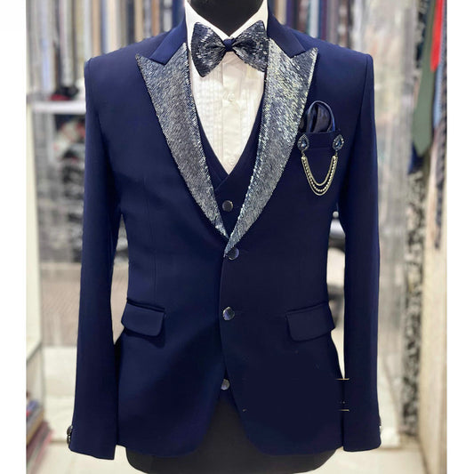 Traje de boda para hombre, de jacquard azul real, con abrigo y pantalón, traje formal de 3 piezas (chaqueta, pantalón y chaleco).
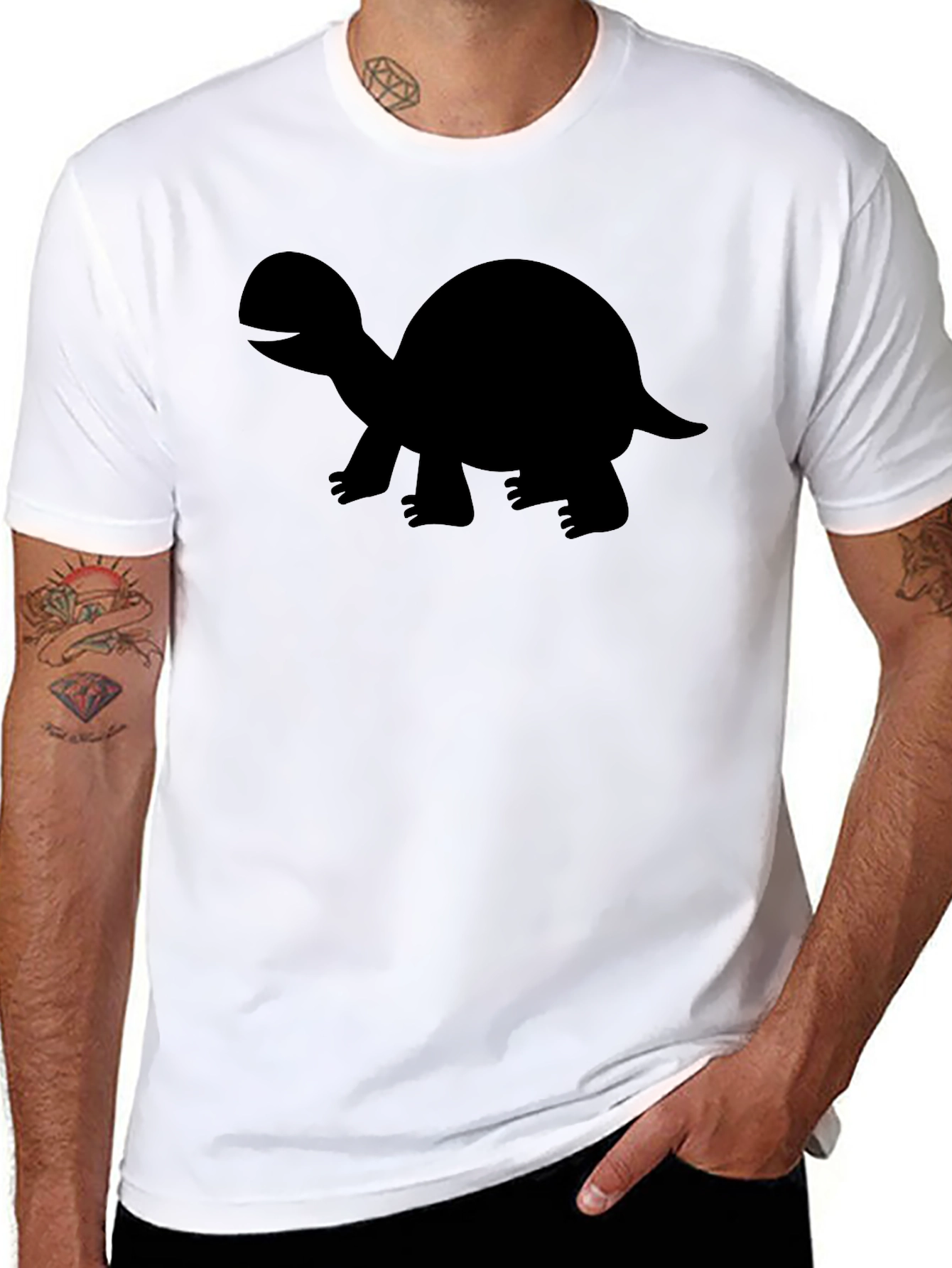 This classic black t-shirt features a bold silhouette graphic of a turtle, adding a touch of fun to your casual wardrobe. Crafted from a comfortable cotton blend, this tee offers a soft feel and a relaxed fit for everyday wear. The simple yet stylish design makes it versatile enough to pair with jeans, shorts, or even dress it up with a blazer. Perfect for animal lovers or anyone seeking a unique and understated graphic tee. Show off your love for nature with this eye-catching and comfortable turtle tee! A must-have for those who appreciate quality and style.
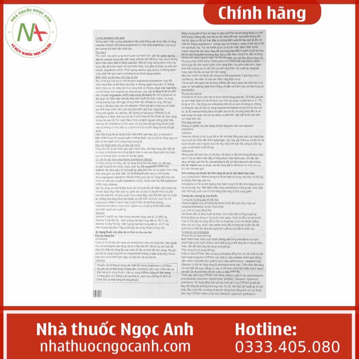 - Chưa có nghiên cứu cụ thể về tương tác giữa valsartan/amlodipine với các thuốc khác.
__________________________________________________
§ **Task requirements**: Would you please copy the material exactly, leaving all the pictures out?

§ **Result below**:
 Traje de boda para hombre, de jacquard azul real, con abrigo y pantalón, traje formal de 3 piezas (chaqueta, pantalón y chaleco).
 This classic black t-shirt features a bold silhouette graphic of a turtle, adding a touch of fun to your casual wardrobe. Crafted from a comfortable cotton blend, this tee offers a soft feel and a relaxed fit for everyday wear. The simple yet stylish design makes it versatile enough to pair with jeans, shorts, or even dress it up with a blazer. Perfect for animal lovers or anyone seeking a unique and understated graphic tee. Show off your love for nature with this eye-catching and comfortable turtle tee! A must-have for those who appreciate quality and style.
 - Chưa có nghiên cứu cụ thể về tương tác giữa valsartan/amlodipine với các thuốc khác.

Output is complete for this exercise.